What’s Blowing My Mind, 2013 Edition (Part 2)
As a veteran of the Gravity’s Rainbow and Against the Day Deathmarches, I wouldn’t say that I’ve suffered at Thomas Pynchon’s hands, necessarily, but I’ve certainly paid my dues. So it is with no small amount of caution that I approach a Pynchon book, and I did not undertake Vineland (1990) lightly. I’ve been pleasantly surprised: This book exhibits all of his features (wild creativity, clever references to culture high and low, and jaw-dropping flights of prose virtuosity) and none of his bugs (extreme difficulty and incomprehensibility).
Which is not to say that Vineland is an easy read, but it is a pleasurable one — I find myself actually looking forward to picking up the book, in contrast to GR and AtD, which sometimes inspired dread.
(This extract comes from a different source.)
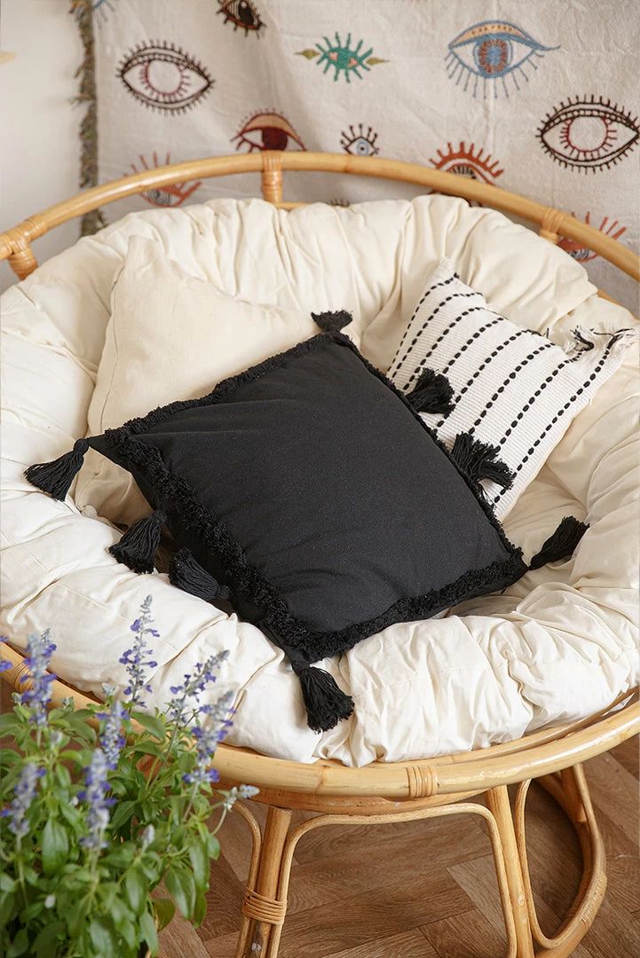 - The boho is so chic. Square pillow cover with a fringed frame and tassels outline.

I still need to be careful, though, because like Hunter Thompson and David Foster Wallace, Tommy the Pynch (as I like to call him) has a prose style that gets under your skin. After reading him for awhile you find yourself trying to write like him — producing sentences that go on and on, with all kinds of dependent clauses, and saying to yourself, “Well, why shouldn’t I just cram it all in there…what could possibly be the harm?” and the next thing you know you’ve got yourself out on a ledge in the middle of some torrential hailstorm of words that you don’t know how to stop — and you have to take a deep breath and remind yourself that Pynchon is after all a genius, some say our greatest living writer, and that mere mortals should think twice before attempting this sort of thing.